Merging datasets in Stata on long strings and less precise matching criterion

Category:Uncategorized

The Problem

Consider the following two datasets where company names are not exactly the same in both the datasets, still we want to merge them using the name variable as the merging criterion. How that can be done in Stata.

name in dataset 1 name dataset 2 symbol data set2
The Pakistan General Insurance Co. Ltd. The Pakistan General Insurance PKGI
Security Leasing Corporation Ltd. Security Leasing Corporation L SLCL
NATIONAL BANK OF PAKISTAN NATIONAL BANK OF PAKISTAN NBP
THE BANK OF KHYBER THE BANK OF KHYBER BOK
THE BANK OF PUNJAB Ltd THE BANK OF PUNJAB BOP
SILKBANK LIMITED . SILKBANK LIMITED SILK
Awwal Modaraba Comay Awwal Modaraba AWWAL
B.F. Modaraba. B.F. Modaraba BFMOD

The above table shows that the company names not only differ in terms of different number of characters but also in terms of capitalization. However, there is a general patterns of similarity in the first few characters, starting from left to right. Given that, we can split the problem into two parts.

 

1.Extract similar characters

Extract the first few characters that are similar in both the dataset and merge the data using those similar characters. For example, in the second row of the above table, “The Pakistan General Insurance” part is similar in both the tables. If we count these characters, they are 30. So how exactly are we going to find the matching number of characters in each case? We shall not do that. Instead, we shall take the iterative path where:


1. we start with extracting the first n-number of characters from both the key variables in the two datasets and merge using the extracted (truncated) variables. If the merge succeeds, we shall save the merged data separately. Also, we shall delete, from the initial file, those records which were successfully merged, and further process those that did not merge. In this first step, we shall normally start with extracting a large number of characters, for example, up to 30 characters in the case of row 2 of the above table.

Please note that the relevant Stata function is substr() for extracting a given number of characters from a variable. We shall discuss it further as we proceed in this article.

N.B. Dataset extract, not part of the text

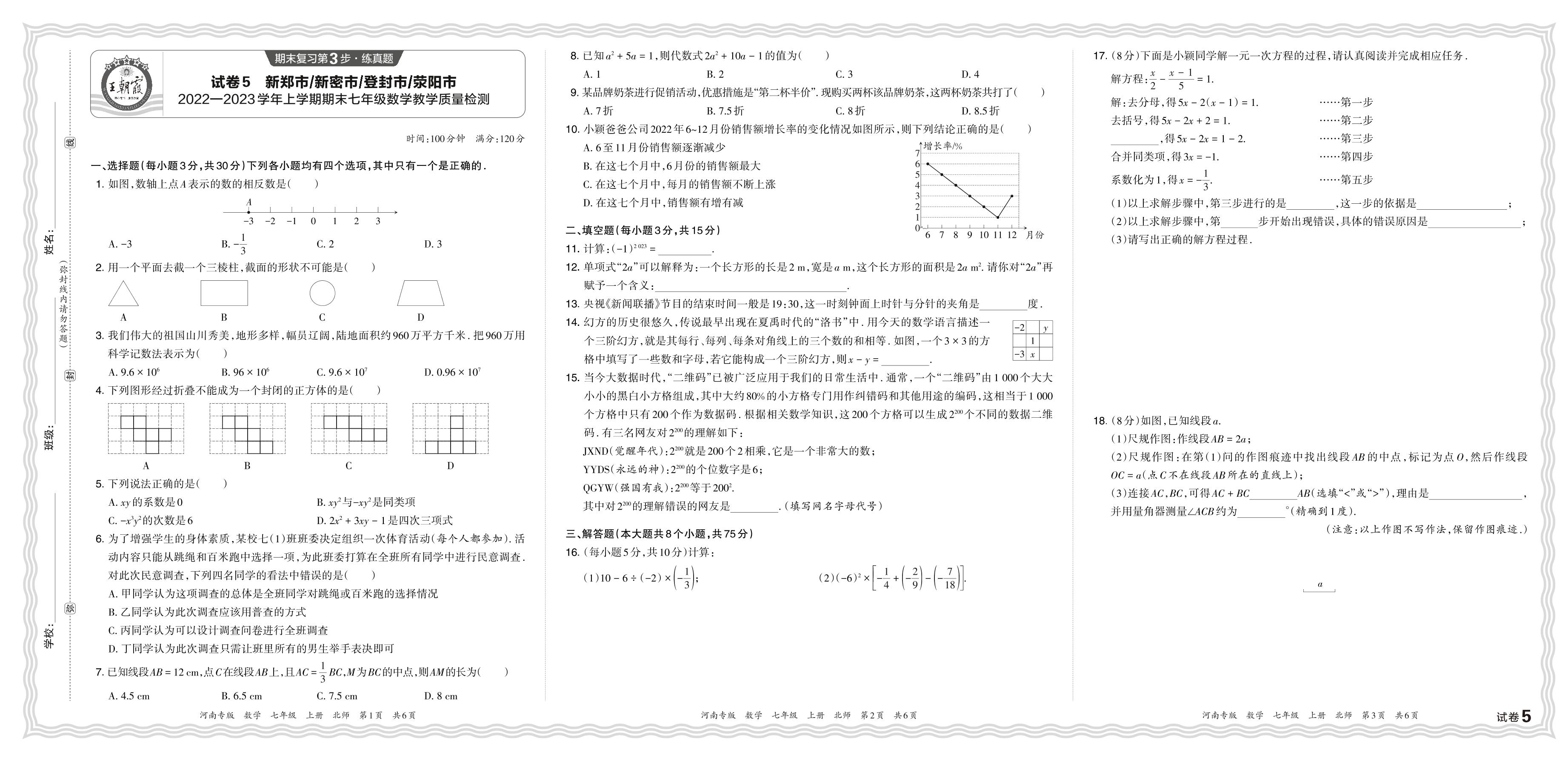 河南省新郑市、新密市、登封市荥阳市2022—2023学年上学期期末七年级数学教学质量检测(北师版)【5】
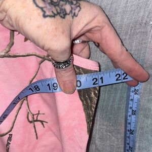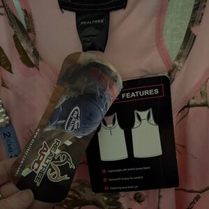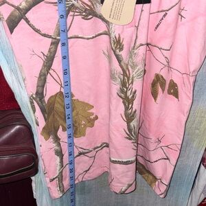 Pink tank top with Realtree camo pattern. Features nature-inspired design.

2. In the next iteration, we shall further process those records which did not merge. This time we shall extract one character less than what we used in the preceeding step. The idea is that if two variables did not have the first 30 characters in common, they might have the first 29 characters in common. But this time, we need to be careful as we reduce the extraction of the initial number of characters, the chances of matching incorrect records increases. For example, consider the following two records where the first 12 characters are exactly the same in both the records i.e. “THE BANK OF “, therefore, if we merge the two data sets using only the first 12 characters, we shall incorrectly merge THE BANK OF KHYBER into THE BANK OF PUNJAB

THE BANK OF KHYBERTHE BANK OF PUNJAB

So using the first 29 characters of the two variables, we shall proceed to merge. Again, we shall retain the successfully merged records, append it to the already saved successful merged data, and delete it from the initial dataset, just we did in the first step above.

3. The iterative process will continue in the same fashion, and each time we need to pay more attention to the merged data to identify any incorrect merges as explained in step 2.

4. We shall stop at a point where the data seems to have a reasonable number of similar observations based on the initial characters.

 

2. Use lower case

The second part of the problem is the dissimilarity in the capitalization of the names. This part of the problem is easy to handle as we can use the function lower() to convert all the names to lower cases and then use it in the merging process.

 

An Example

Let’s use a simple example to implement what we have read so far. In this example, we are going to use the same data as given in the above table. From that data, we shall create two datasets. One of the dataset will remain in the Stata memory, we shall call it data_memory. The other data set will be saved to a file, we shall call it data_file. The data_file has two variables, name and symbol. We shall merge the data_memory into data_file using variable name as the merging criterion. To create the two dataset, we can copy and paste the following code to Stata do editor and run it.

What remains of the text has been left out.